Ocultó esta idea a Jim, que había tenido la cara pegada a la ventana todo el trayecto desde que habían salido del aeropuerto, maravillándose como cualquier turista haría ante el paisaje, las señales de la carretera, el Disneylandia de Tokio, los rascacielos amontonados, el mar de gente con cabellos negros por las calles, los neones y las pantallas de vídeo gigantes. Jim no paró de hablar, exclamaciones en su mayor parte, salpicadas de preguntas que nadie respondía, y durante todo el tiempo no dejó de mirar a su alrededor, con los ojos como platos, un hombre transportado a un planeta que jamás hubiera creído que pudiera existir. No era de extrañar que permaneciera ajeno al hecho de que su acompañante de viaje estuviera experimentando algo similar al estrés postraumático. Thomas se sentía flotando sobre oleadas crecientes de pánico y una ansiedad subyacente por la insistente sensación de que nunca había abandonado aquel lugar, de que todavía vivía allí con una chica llamada Kumi con quien esperaba llegar a casarse algún día…

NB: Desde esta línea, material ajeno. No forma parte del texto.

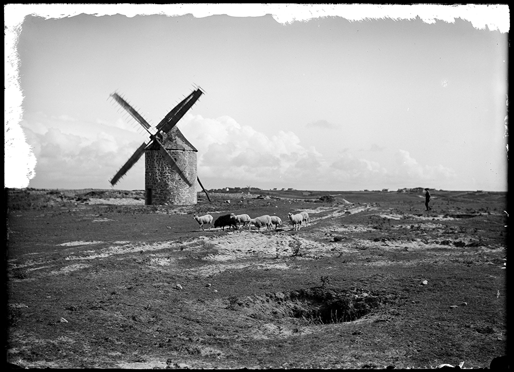Moulin du Custrein (?) entre 1908 et 1912. Reproduction plaque de verre.Immatriculation

Sabía que iba a ser así o, más exactamente, que sería algo así, una sensación dolorosa y extraña al adentrarse de nuevo en el pasado. Nunca había experimentado algo así en Estados Unidos, ni siquiera cuando regresaba a las calles donde se había criado y caminaba por las habitaciones de la casa donde sus padres habían vivido y, finalmente, muerto. Sentía esa pérdida e inmediatez al mismo tiempo, pero también lo sentía como algo real, tangible, porque nunca había dudado que sería básicamente lo mismo que cuando jugaba al béisbol con Ed y Jimmy Collins, su vecino de dos puertas más abajo. Pero esto, esto era diferente. Japón era diferente.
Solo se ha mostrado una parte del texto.